Reid arranged funding in 2007 to a US$22 million programme to investigate UFOs. The Pentagon confirmed its existence in 2017.
Reid tweeted: "I'm glad the Pentagon is finally releasing this footage, but it only scratches the surface of research and materials available. The US needs to take a serious, scientific look at this and any potential national security implications. The American people deserve to be informed."
Axios reports that the US Navy also confirmed an increase in UFO sightings in 2019. It introduced a new process to allow pilots to report sightings at the time.

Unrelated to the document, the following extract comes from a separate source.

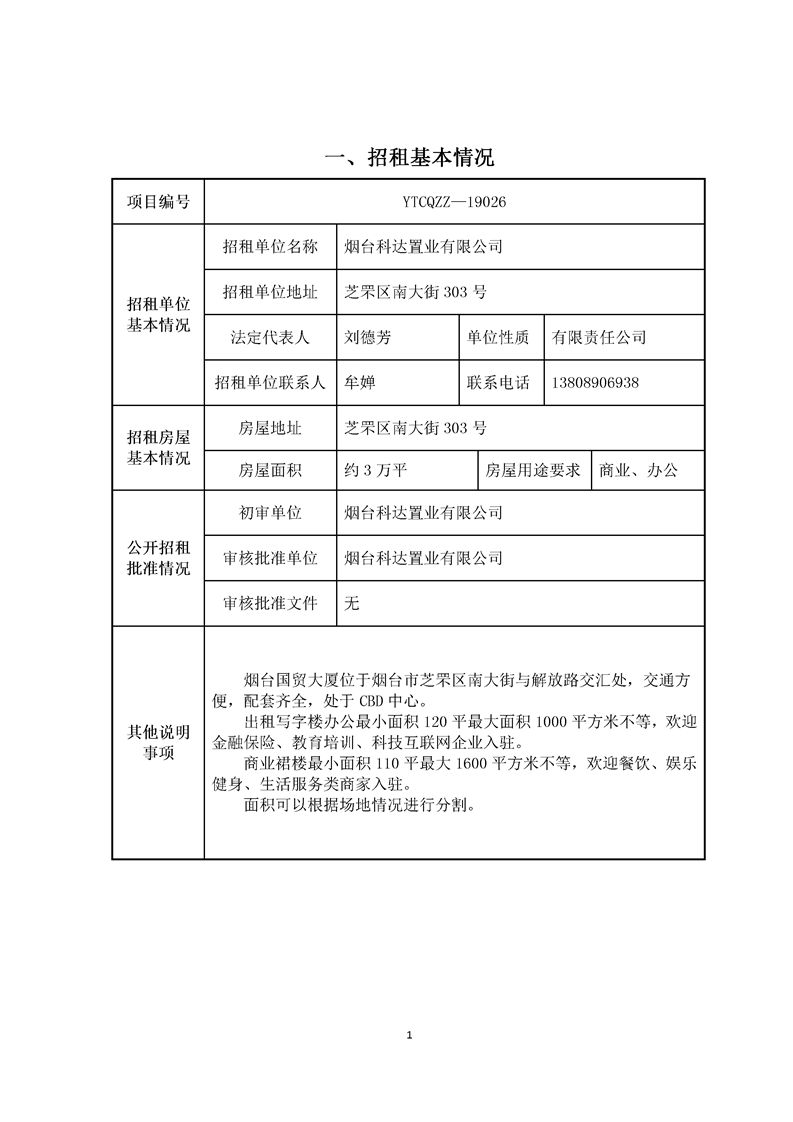 南大街303號(hào)國(guó)貿(mào)大廈招租項(xiàng)目

Officials say that, while UFOs don't necessarily indicate extraterrestrial life, they raise concerns over aircraft flying near sensitive military facilities and military-controlled ranges.
The Navy is officially releasing them now, "in order to clear up any misconceptions by the public on whether or not the footage that has been circulating was real, or whether or not there is more to the videos," Pentagon spokesperson Sue Gough said in a statement.
"After a thorough review, the department has determined that the authorised release of these unclassified videos does not reveal any sensitive capabilities or systems and does not impinge on any subsequent investigations of military air space incursions by unidentified aerial phenomena."
CNN reports that the Navy videos were first released between December 2017 and March 2018 by To The Stars Academy of Arts & Sciences, a company co-founded by former Blink-182 musician Tom DeLonge that studies information about UFOs.
In 2017, a pilot who saw one of the UFOs in 2004 told CNN that it moved in ways he couldn't explain.
"As I got close to it ... it rapidly accelerated to the south, and disappeared in less than two seconds," said retired US Navy pilot David Fravor. "This was extremely abrupt, like a ping pong ball, bouncing off a wall. It would hit and go the other way."